** Opening EXERCISE INPUT block **

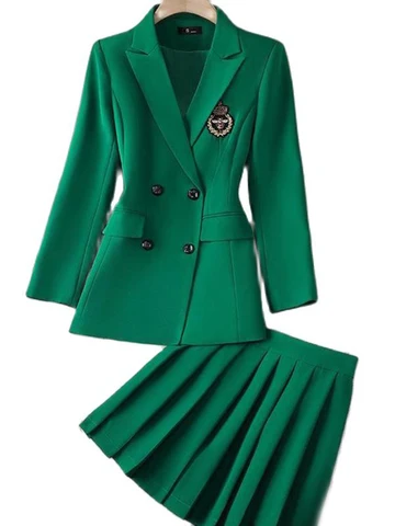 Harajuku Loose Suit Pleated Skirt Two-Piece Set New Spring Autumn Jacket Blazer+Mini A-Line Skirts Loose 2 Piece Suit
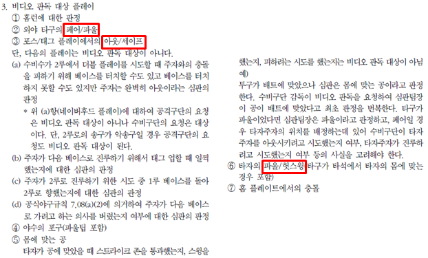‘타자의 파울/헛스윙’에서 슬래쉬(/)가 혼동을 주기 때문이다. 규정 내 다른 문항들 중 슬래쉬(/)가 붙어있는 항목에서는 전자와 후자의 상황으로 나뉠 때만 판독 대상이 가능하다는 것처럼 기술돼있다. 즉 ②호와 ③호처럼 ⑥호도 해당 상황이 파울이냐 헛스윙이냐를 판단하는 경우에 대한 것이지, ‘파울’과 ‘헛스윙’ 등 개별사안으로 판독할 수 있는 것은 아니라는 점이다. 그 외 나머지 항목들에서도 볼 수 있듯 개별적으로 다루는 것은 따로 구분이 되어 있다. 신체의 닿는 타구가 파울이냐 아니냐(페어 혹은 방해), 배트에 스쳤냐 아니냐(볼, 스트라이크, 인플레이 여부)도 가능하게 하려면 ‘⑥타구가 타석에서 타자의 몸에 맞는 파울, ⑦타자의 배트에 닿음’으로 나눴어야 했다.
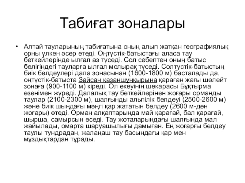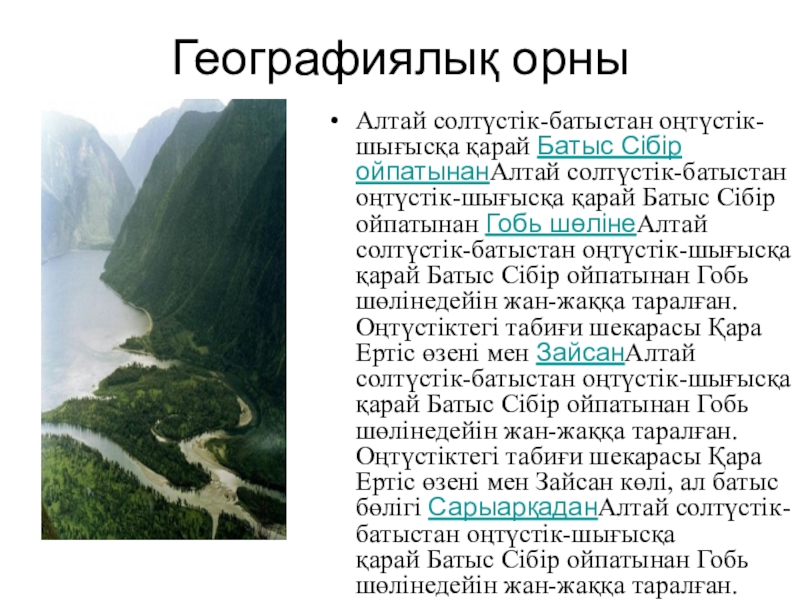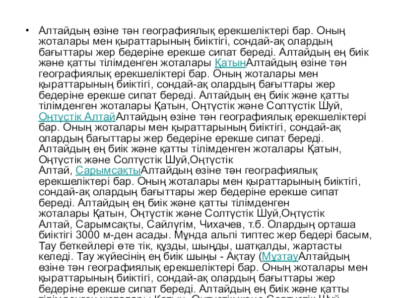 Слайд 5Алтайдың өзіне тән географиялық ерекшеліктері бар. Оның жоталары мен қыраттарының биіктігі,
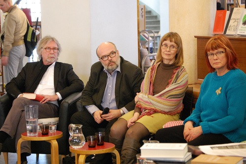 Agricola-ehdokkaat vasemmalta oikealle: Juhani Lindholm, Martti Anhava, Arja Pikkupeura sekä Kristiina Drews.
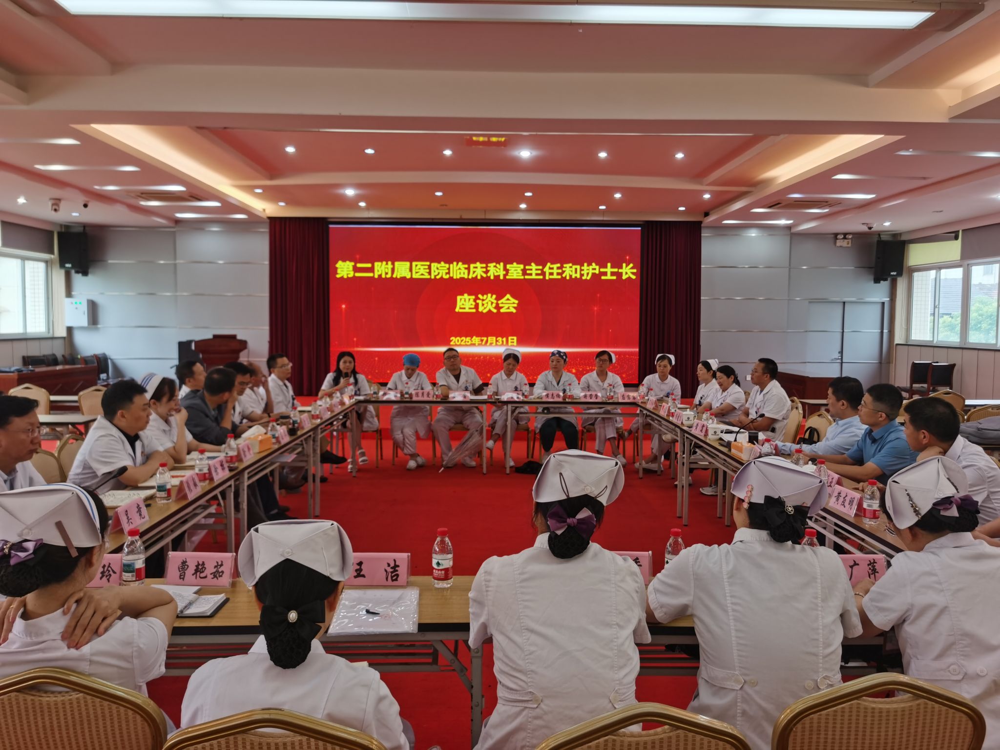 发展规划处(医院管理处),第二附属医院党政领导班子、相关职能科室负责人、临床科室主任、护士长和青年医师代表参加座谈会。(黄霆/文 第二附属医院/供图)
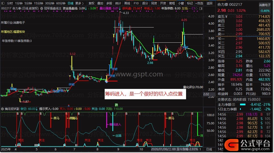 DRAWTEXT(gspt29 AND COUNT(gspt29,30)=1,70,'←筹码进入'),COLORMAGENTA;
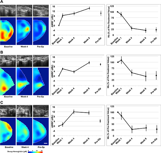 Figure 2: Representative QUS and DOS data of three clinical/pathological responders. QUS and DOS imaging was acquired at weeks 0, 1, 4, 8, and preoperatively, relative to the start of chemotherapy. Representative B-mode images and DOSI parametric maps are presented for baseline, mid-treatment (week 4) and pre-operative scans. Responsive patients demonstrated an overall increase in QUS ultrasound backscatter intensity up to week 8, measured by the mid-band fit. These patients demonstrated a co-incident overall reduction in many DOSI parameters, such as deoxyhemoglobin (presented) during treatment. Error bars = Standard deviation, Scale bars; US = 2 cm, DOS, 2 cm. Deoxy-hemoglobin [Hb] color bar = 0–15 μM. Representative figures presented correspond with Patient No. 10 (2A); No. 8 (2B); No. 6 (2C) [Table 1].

** Closing EXERCISE INPUT block **
** Opening EXERCISE INPUT block **

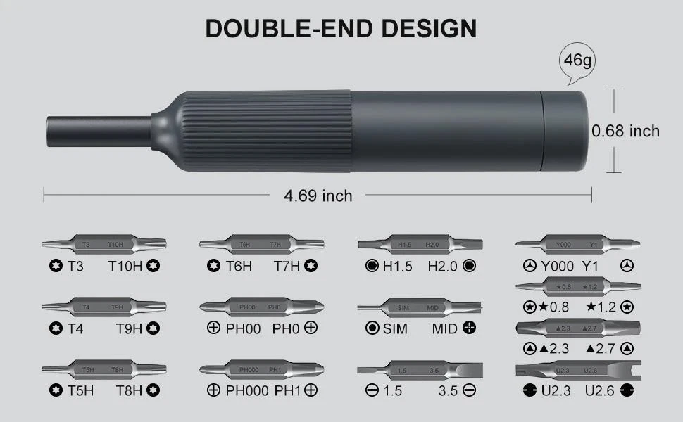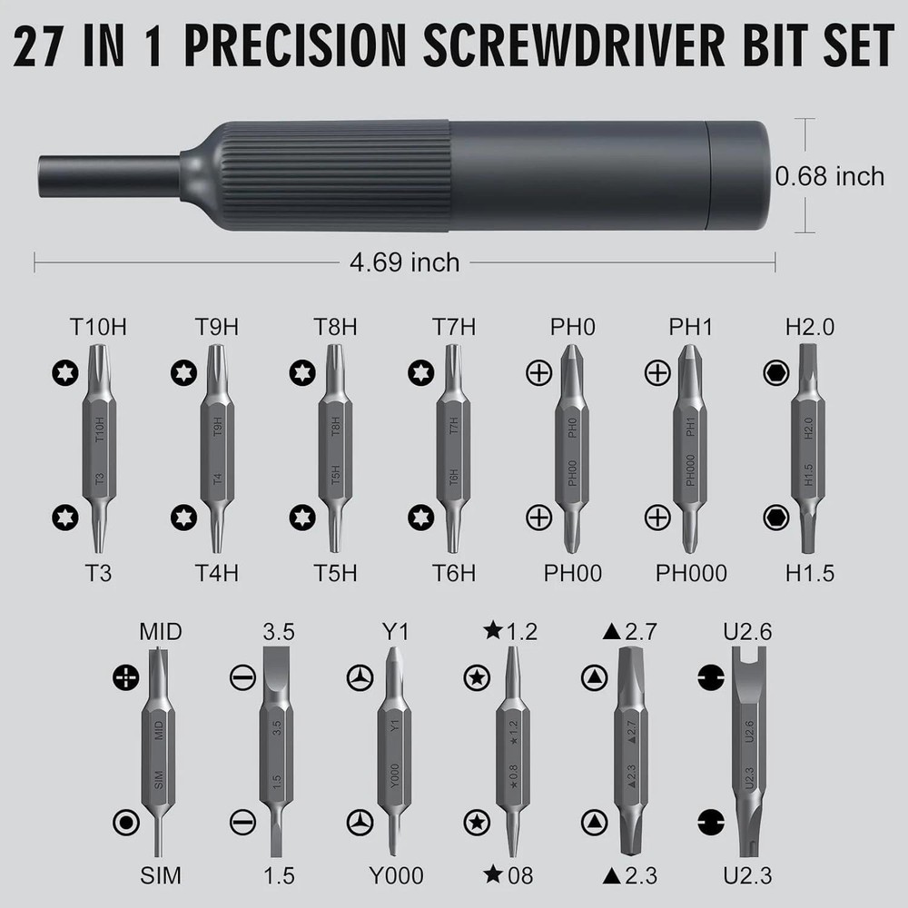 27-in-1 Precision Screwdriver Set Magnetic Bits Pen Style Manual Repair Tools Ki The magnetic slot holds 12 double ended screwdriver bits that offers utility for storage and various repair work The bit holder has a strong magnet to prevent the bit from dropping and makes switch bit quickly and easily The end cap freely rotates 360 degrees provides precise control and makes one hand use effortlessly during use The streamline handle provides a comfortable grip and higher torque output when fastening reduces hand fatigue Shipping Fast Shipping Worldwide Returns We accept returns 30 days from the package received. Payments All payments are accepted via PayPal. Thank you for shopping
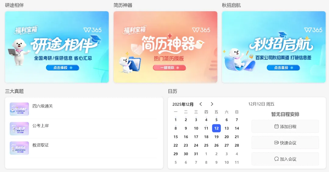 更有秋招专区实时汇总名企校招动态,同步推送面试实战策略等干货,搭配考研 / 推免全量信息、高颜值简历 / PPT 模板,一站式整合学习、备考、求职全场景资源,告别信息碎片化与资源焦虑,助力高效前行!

** Closing EXERCISE INPUT block **
** Opening EXERCISE INPUT block **

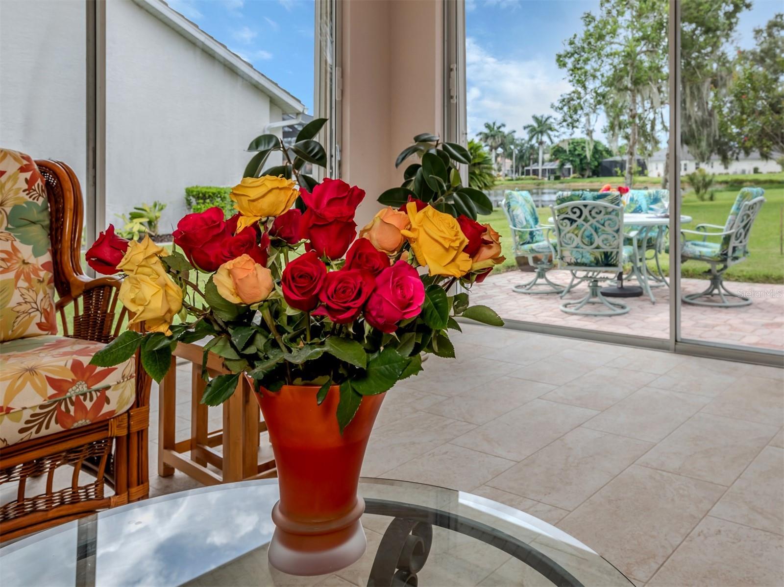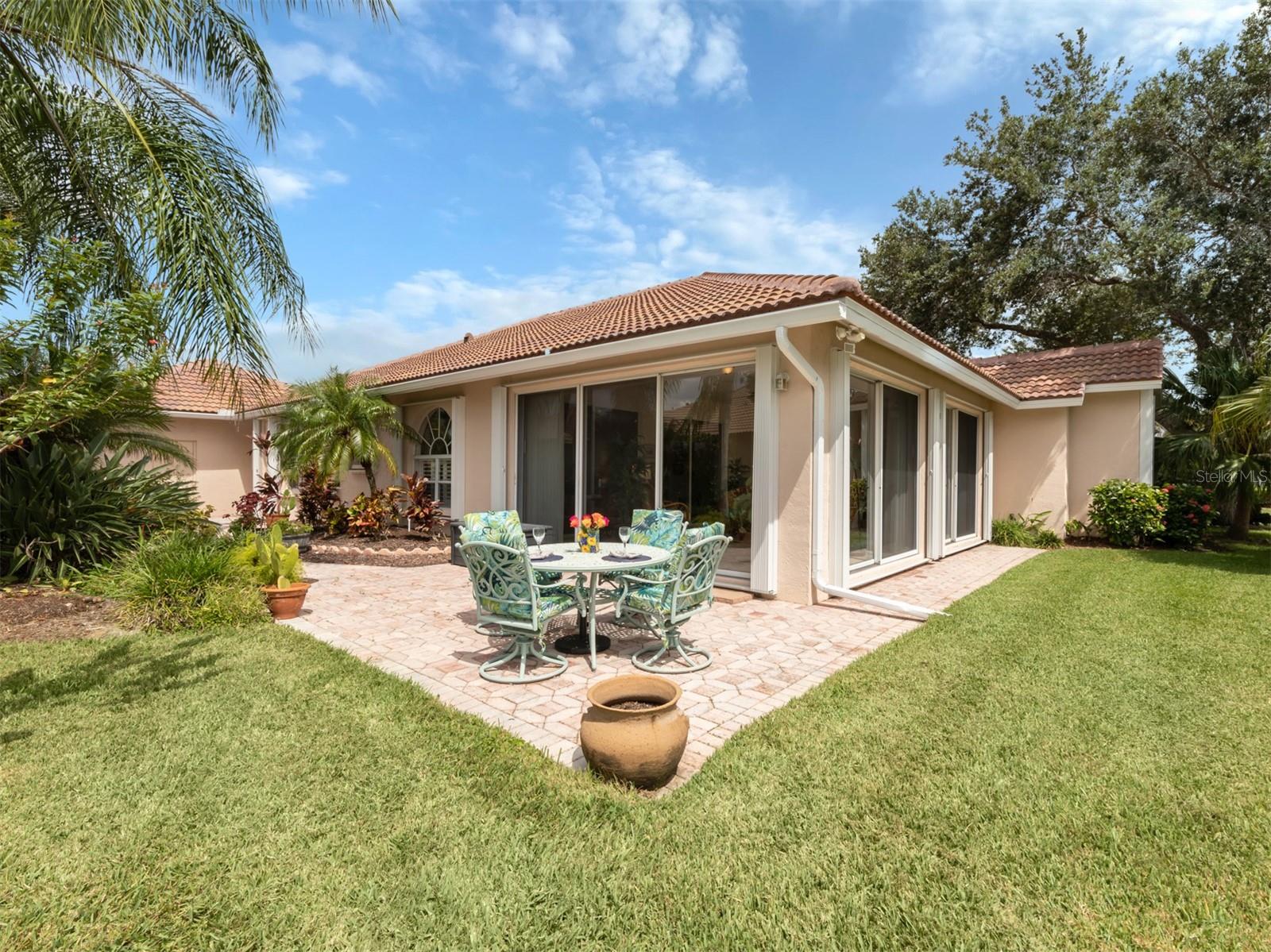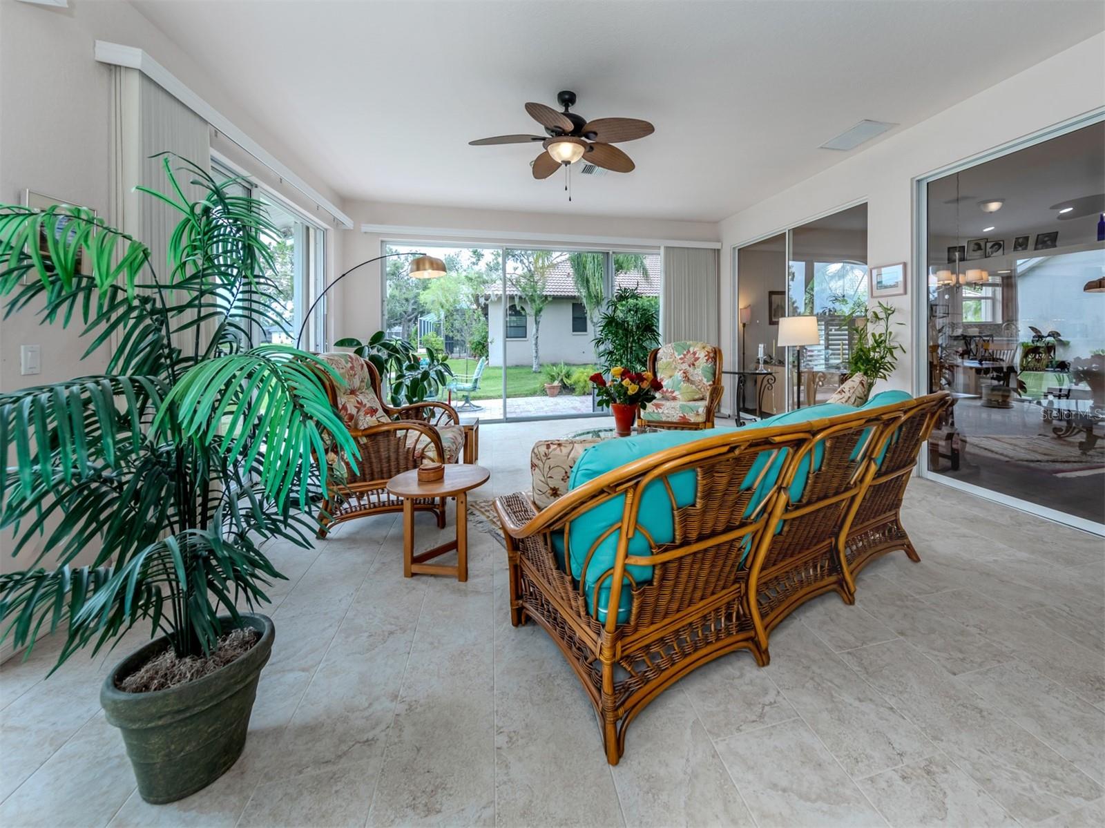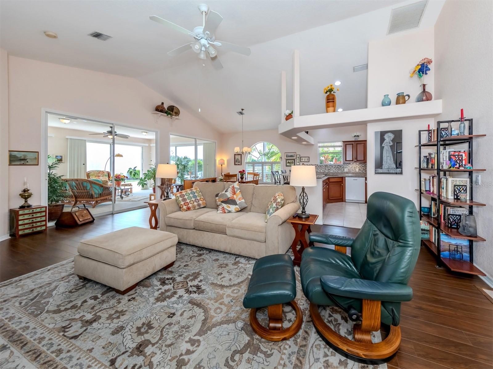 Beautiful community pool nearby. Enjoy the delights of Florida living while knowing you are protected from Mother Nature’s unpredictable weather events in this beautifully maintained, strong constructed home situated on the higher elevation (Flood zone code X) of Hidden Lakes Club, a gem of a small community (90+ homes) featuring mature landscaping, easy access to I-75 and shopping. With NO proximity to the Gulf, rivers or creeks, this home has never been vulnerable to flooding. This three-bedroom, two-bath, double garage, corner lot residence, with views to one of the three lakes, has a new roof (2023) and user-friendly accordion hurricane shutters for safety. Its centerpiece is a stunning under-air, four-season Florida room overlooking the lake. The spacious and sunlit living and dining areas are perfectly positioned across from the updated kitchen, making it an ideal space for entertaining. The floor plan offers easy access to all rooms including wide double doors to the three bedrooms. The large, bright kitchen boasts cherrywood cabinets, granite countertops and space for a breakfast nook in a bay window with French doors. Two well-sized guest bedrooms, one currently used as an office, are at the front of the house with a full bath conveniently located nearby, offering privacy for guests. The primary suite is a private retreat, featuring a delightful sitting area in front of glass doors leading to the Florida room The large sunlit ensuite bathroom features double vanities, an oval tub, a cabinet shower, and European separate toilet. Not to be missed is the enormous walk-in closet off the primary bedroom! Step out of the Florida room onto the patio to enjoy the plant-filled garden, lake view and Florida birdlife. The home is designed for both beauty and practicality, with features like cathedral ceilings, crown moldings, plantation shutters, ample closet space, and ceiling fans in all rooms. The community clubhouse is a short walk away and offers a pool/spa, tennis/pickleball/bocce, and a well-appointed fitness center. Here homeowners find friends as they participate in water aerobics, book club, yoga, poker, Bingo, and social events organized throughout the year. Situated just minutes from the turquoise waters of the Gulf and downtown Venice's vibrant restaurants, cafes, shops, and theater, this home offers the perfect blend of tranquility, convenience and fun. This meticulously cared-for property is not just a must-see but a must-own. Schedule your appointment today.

** Closing EXERCISE INPUT block **

:: DIRECTIONS ::
Return exactly the lines above, from the one with "닿음’으로 나눴어야 했다." up to and including the one with "发展规划处(医院管理处),第", and include no pictures.

:: WRITTEN REPLY ::
‘타자의 파울/헛스윙’에서 슬래쉬(/)가 혼동을 주기 때문이다. 규정 내 다른 문항들 중 슬래쉬(/)가 붙어있는 항목에서는 전자와 후자의 상황으로 나뉠 때만 판독 대상이 가능하다는 것처럼 기술돼있다. 즉 ②호와 ③호처럼 ⑥호도 해당 상황이 파울이냐 헛스윙이냐를 판단하는 경우에 대한 것이지, ‘파울’과 ‘헛스윙’ 등 개별사안으로 판독할 수 있는 것은 아니라는 점이다. 그 외 나머지 항목들에서도 볼 수 있듯 개별적으로 다루는 것은 따로 구분이 되어 있다. 신체의 닿는 타구가 파울이냐 아니냐(페어 혹은 방해), 배트에 스쳤냐 아니냐(볼, 스트라이크, 인플레이 여부)도 가능하게 하려면 ‘⑥타구가 타석에서 타자의 몸에 맞는 파울, ⑦타자의 배트에 닿음’으로 나눴어야 했다.
 Слайд 5Алтайдың өзіне тән географиялық ерекшеліктері бар. Оның жоталары мен қыраттарының биіктігі,
 Agricola-ehdokkaat vasemmalta oikealle: Juhani Lindholm, Martti Anhava, Arja Pikkupeura sekä Kristiina Drews.
 发展规划处(医院管理处),第二附属医院党政领导班子、相关职能科室负责人、临床科室主任、护士长和青年医师代表参加座谈会。(黄霆/文 第二附属医院/供图)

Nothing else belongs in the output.